Молодая женщина ушла. Таким как она, стремившимся сохранить достоинство и верность до конца, больше всего и не везет. Если отдадутся, то бесплатно. Недаром на Западе женщина, получившая за постель деньги, автоматически заносится в разряд проституток. Обходящиеся без подарков и покровительства, считаются порядочными. Вертихвостки с Украины давно без страха носят на шее по нескольку золотых цепочек, потому что сумели предоставить свое тепленькое гнездышко какому-нибудь члену из правоохранительных органов. Одна бывшая замухрышка располнела, озолотилась. Забыла, когда прятала доллары под юбку. А дома за двумя малыми детьми смотрит муж. И в то же время, как еще выскочить из грязи, заработать на кусок хлеба. Нашему правительству наоборот открыть бы границы, пусть тащат, снабжают более дешевой колбасой население тоже полуголодной России. Нет, надо платить. Хоть телом, хоть деньгами заимевшим власть на местах тупорылым. Зато для вывоза янтаря из Калининградской области, для воровства ценных металлов и нефтепродуктов из других районов России границы открыты настежь. Грабьте, дорогие недавние сограждане вкупе с жадными иностранцами, но к нам ничего дешевого, необходимого не завозите. Сами с усами…

День прошел буднично, если не считать бурной дискуссии ваучеристов вокруг старинной иконы. Ее приволокли два подозрительных типа, утверждавших, что «доска» шестнадцатого века. Скрипка тщательно обнюхал ее со все сторон, соскреб с угла слой краски.

— Рублев, о чем говорить, — издевался над ним Сникерс. — Или Феофан Грек.

— Но икона старинная, — мычал про себя Скрипка. — Мореный дуб.

— Да подделка это. Хороший реставратор за месяц десяток наштампует. Мореный дуб… Сам ты дуб дубом.

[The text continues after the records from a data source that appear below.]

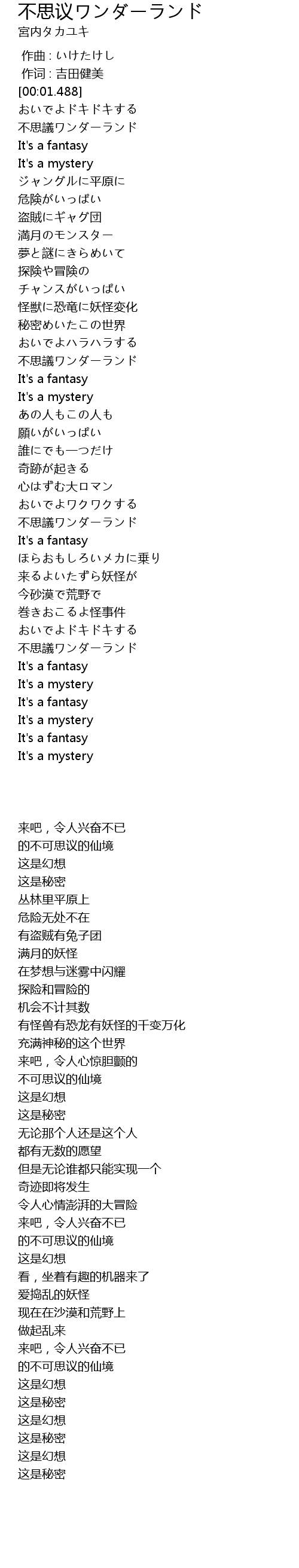 | [01:01.632] | 怪獣に恐竜に妖怪変化 |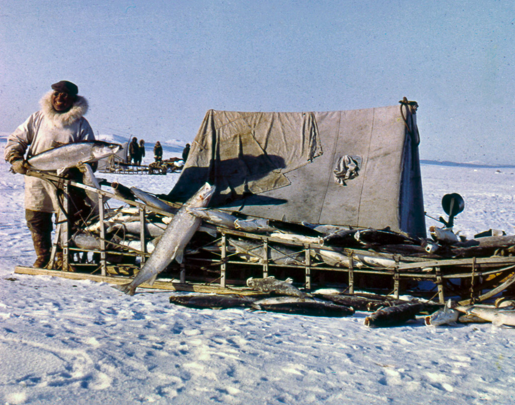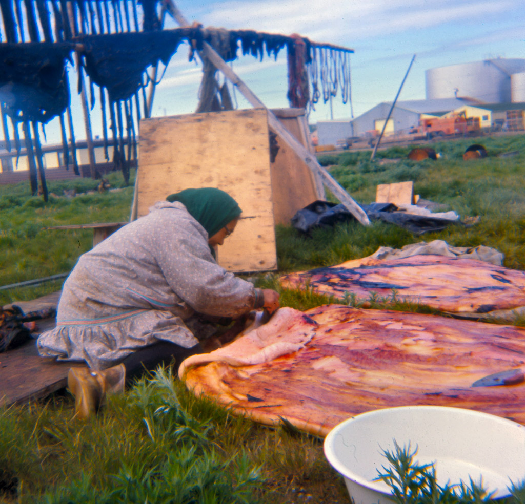 1960s Taking blubber off the skin.Kotzebue.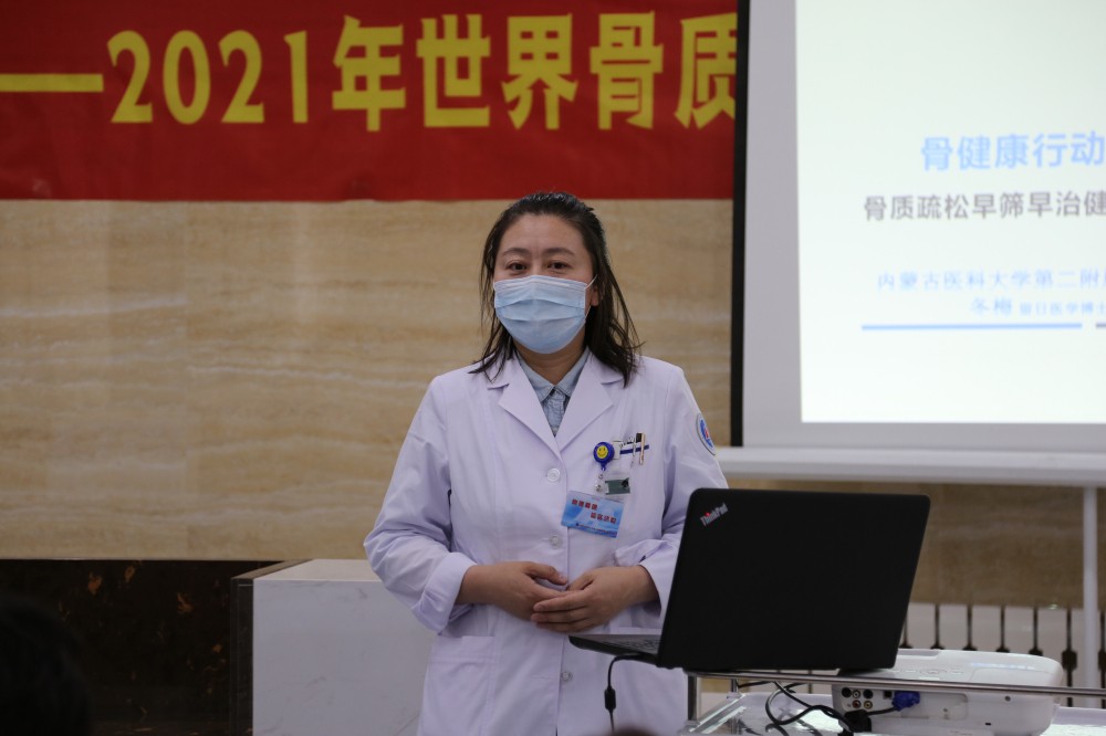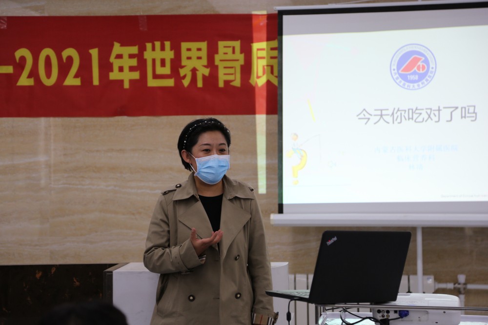 活动还未开始,来了解咨询的患者便络绎不绝。本次活动,特邀内蒙古医科大学附属医院临床营养科林靖副主任医师为大家讲解关于骨质疏松症的营养治疗科普知识。我院骨质疏松科冬梅博士为大家讲解科学预防骨质疏松症科普知识,重点通过加强公众到对骨质疏松症早期预防的认识,警醒高危人群,建立起可行的骨质疏松症预防措施,以此来保护和提高公众的骨骼健康水平。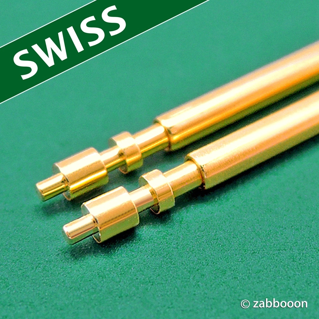 バネ棒 ゴールド 20mm Gilt 金メッキ 仕上げ【高品質 スイス製 ダブルフリンジ】2本1セット金無垢 18Kケースへ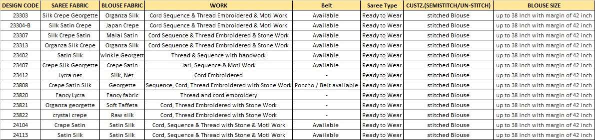 | Note | Stitching available on customer Requirment For Sarees , Salwar Kameez, Lehengha.(i.e M,L,XL,XXL). |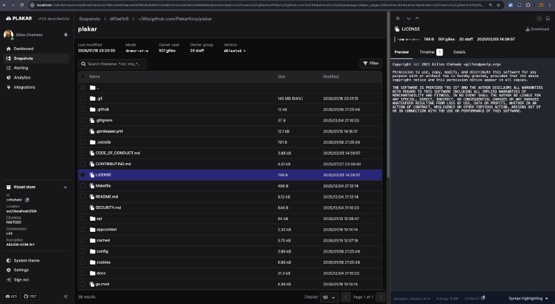 2026-01-16T22:22:25Z d61ae1c6 216 MiB 1s /Users/gilles/Wip/github.com/PlakarKorp/plakarIncluding its content: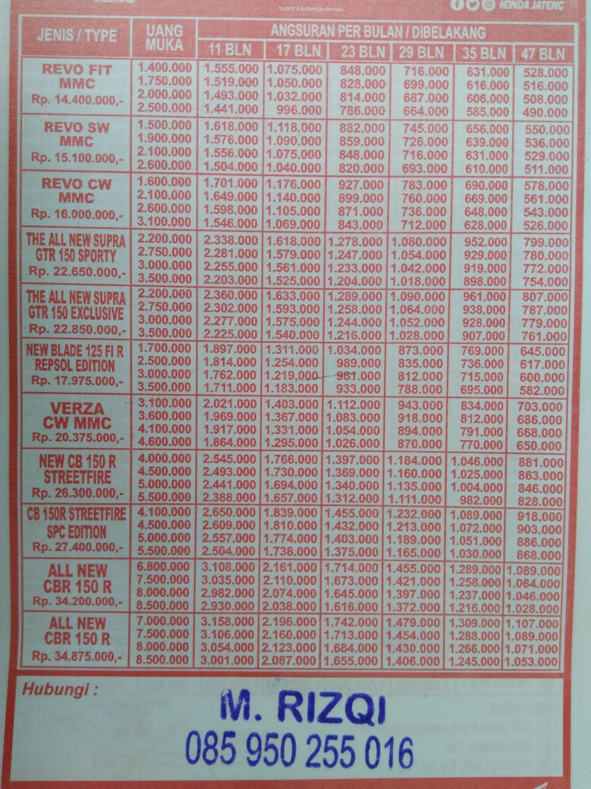 BROSUR DAFTAR HARGA KES KREDIT MOTOR HONDA LAKSANA PURWODADI Grobogan - LAKSANA MOTOR HONDA - Dealer Purwodadi Grobogan - Brosur Harga Kredit Kes 2019 2020 -Promo - pasarx.com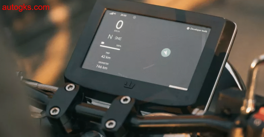 This is where vintage meets space age. Nestled between the “tank” and the handlebars is a large 7-inch tablet-style LCD screen that displays navigation, speed, charge level, and more. It’s a strange contrast to the retro aesthetic, but it works. The GPS maps come from RGNT’s own cloud system, saving your smartphone from battery drain. During my ride, I stored my phone in the hidden compartment on the mock fuel tank and relied on the bike’s display. It was seamless. Even with Gokarna’s spotty signal in the hills, the maps loaded fast and guided accurately. Also tucked under that screen is the charging port, flap-covered and discreet. The attention to design detail here is exceptional.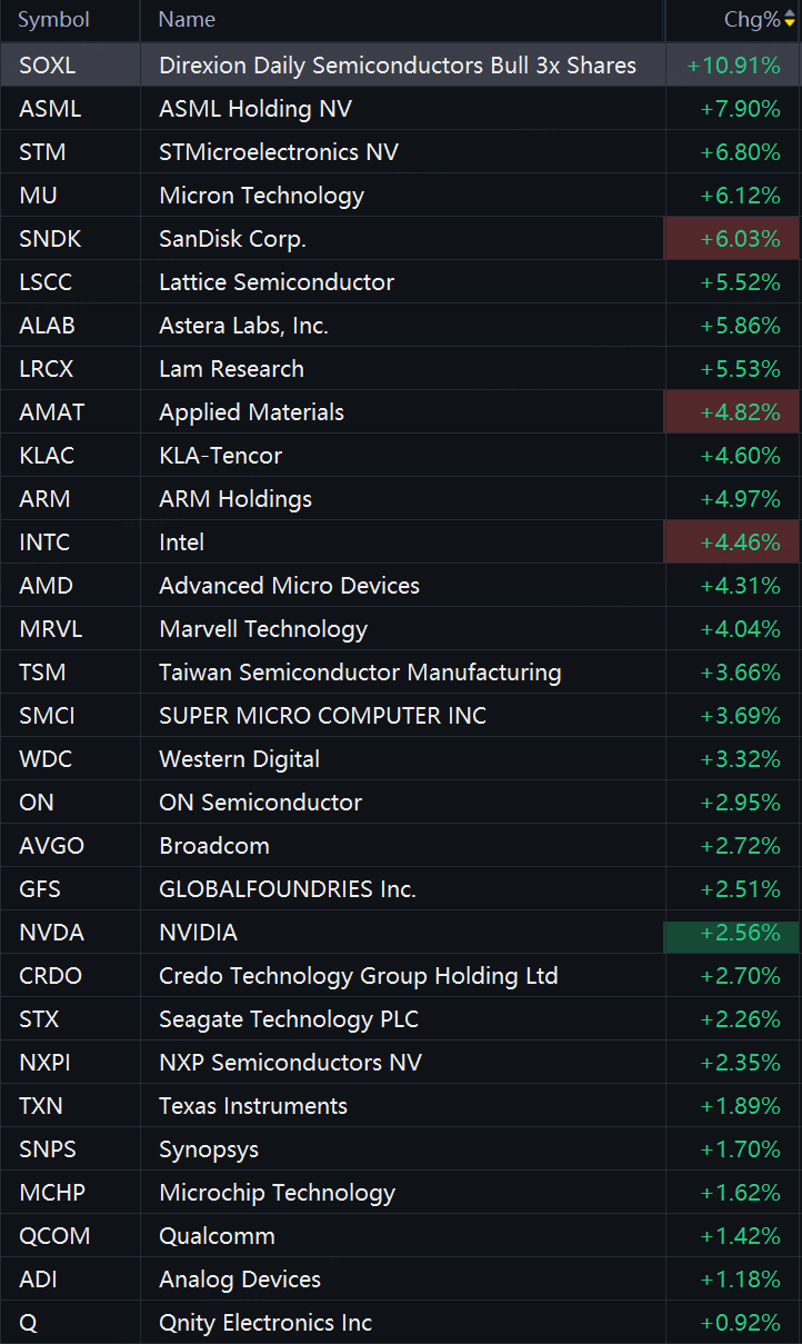 Semiconductor stocks jumped in morning trading. Direxion Daily Semiconductors Bull 3x Shares rose 11%; ASML rose 8%; STMicroelectronics rose 7%; Micron and SanDisk rose 6%; Arm and Intel rose 5%; AMD, Marvell Technology, TSMC, and Super Micro Computer rose 4%; Western Digital, Broadcom, and Nvidia rose 3%.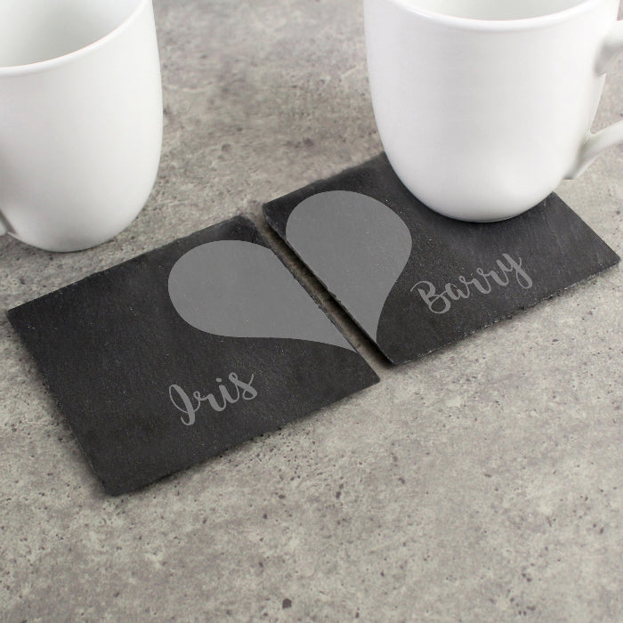 Personalised Two Hearts Couples Slate Coaster Set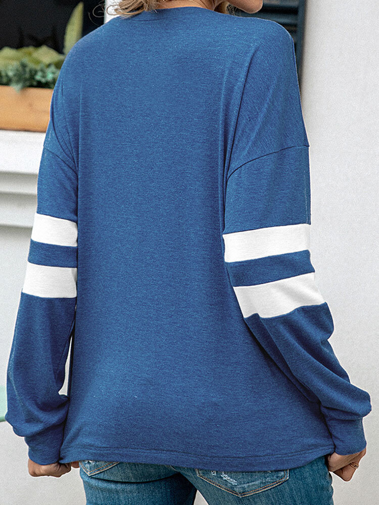Striped Print Button Hooded Casual Hoodies for Women
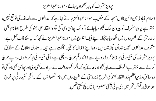 [RIGHT]اسلام آباد ( مانیٹرنگ ڈیسک) سابق فوجی صدر پرویز مشرف کی بیرون ملک روانگی کی اطلاعات نے زور پکڑ لیا ہے اور غیر سرکاری طور پر ان کے بیرون ملک جانے کے انتظامات کی.[/RIGHT]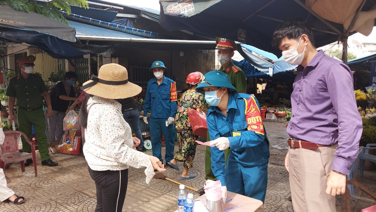 | Hướng dẫn người dân tuân thủ quy định giãn cách xã hội khi đi vào chợ |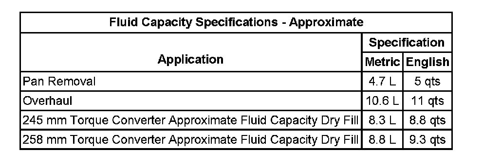 Fluid Capacity Specifications: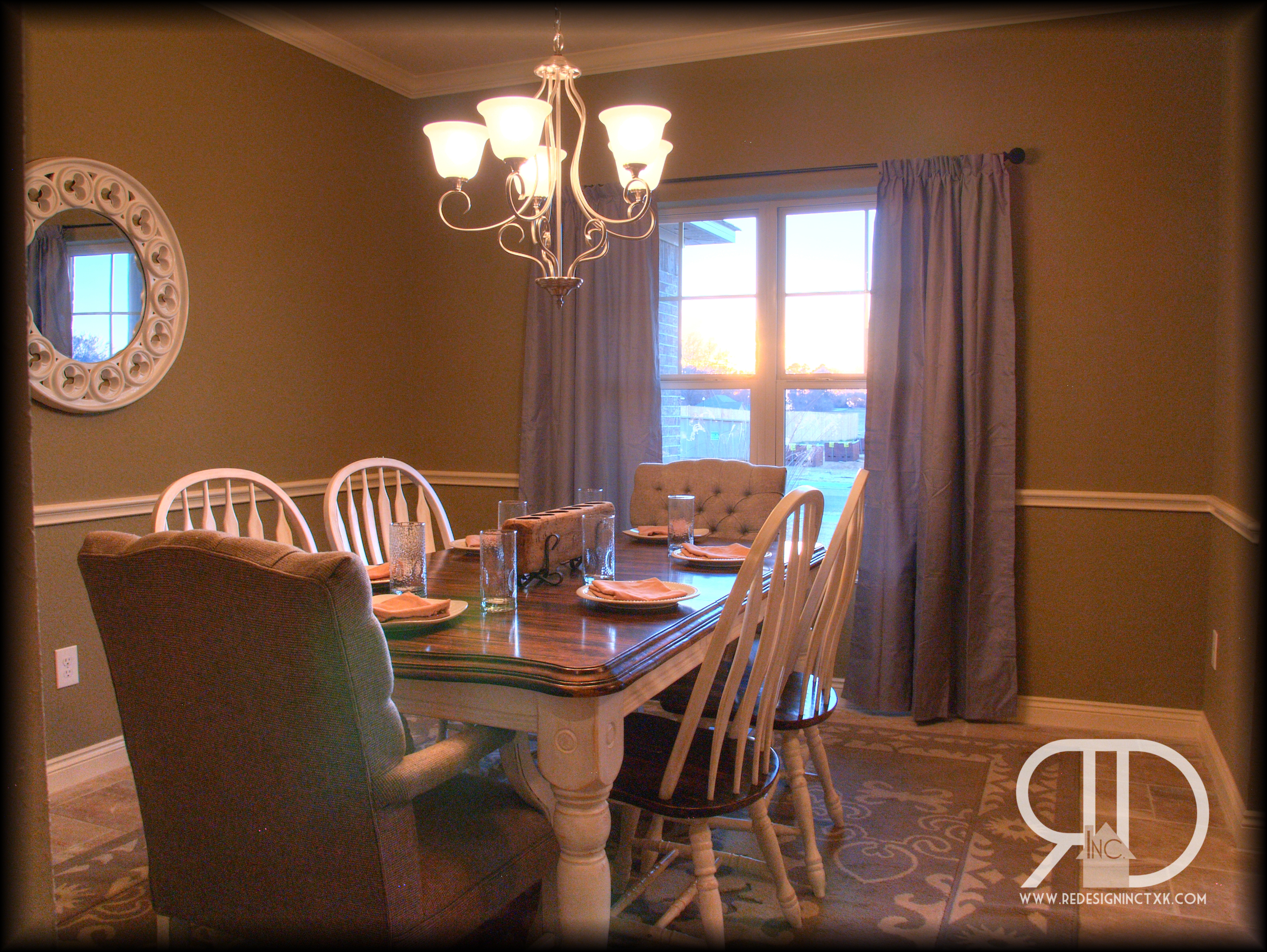 Now this space is easily defined, no guessing here! For this size room I like to use a six chair dining table to show the buyer there is of plenty room for it, and more if needed. Ok, side note…this is table that we reDesign’ed (gotta love gel stain and chalk paint), you can read all about it HERE!

— Вообще что-то есть, — предположил со стороны Аркаша. — Краска в несколько слоев, не масляная. Дерево звенит.





— У тебя в башке, — не сдавался Сникерс. — Обычная сосна с деревообрабатывающего комбината. Полежала в специальном растворе и готово.

— А краска?

— Если надо, я тебе любой намешаю. Хоть на яйцах, хоть на цветочной пыльце, были бы знания и желание. Короче, кто хочет, тот пусть покупает. Настоящая икона шестнадцатого века стоит целое состояние, а ребятки просят за нее всего три лимона.

— Но мы же не знаем настоящей цены, — заартачился было один из парней. — Бабки нужны, вот и принесли.

— Слушай, брат, если бы ты был похож на дурака, я бы тебе поверил, — обернулся к нему Сникерс. — Но вы оба не те люди, чтобы не разбираться.

Этот аргумент оказался решающим. Ребята разошлись. Завернув икону в тряпку, типы потащили ее в центр базара. Спор вокруг необычной «доски» продолжался еще долго. Если бы Серж работал вместе с нами, а не ушел на квартирный рынок, то и разговоров не было бы. Он разбирался в иконах котом в сметане.

Как всегда, вечер подкрался незаметно. Коммерческие ларьки быстренько задраивали уставленные разноцветными бутылками и пакетами зарешеченные витрины толстыми деревянными, обитыми железом, щитами, в окнах домов напротив зажегся свет. Площадь перед базаром заметно опустела. Только на другой стороне трамвайных линий, где банковали колбасники, рыбаки и овощеводы, по прежнему толпился народ. Лана рассчитала последнего клиента с баксами, задернула замок на кожаной сумочке и навострила лыжи к стоянке автомобилей. Закончив курсы водителей, она вместе с матерью совсем недавно смоталась в объединенную Германию к отчиму. Тот перебрался туда года три назад. До сих пор не устроившись, жил на пособие по безработице.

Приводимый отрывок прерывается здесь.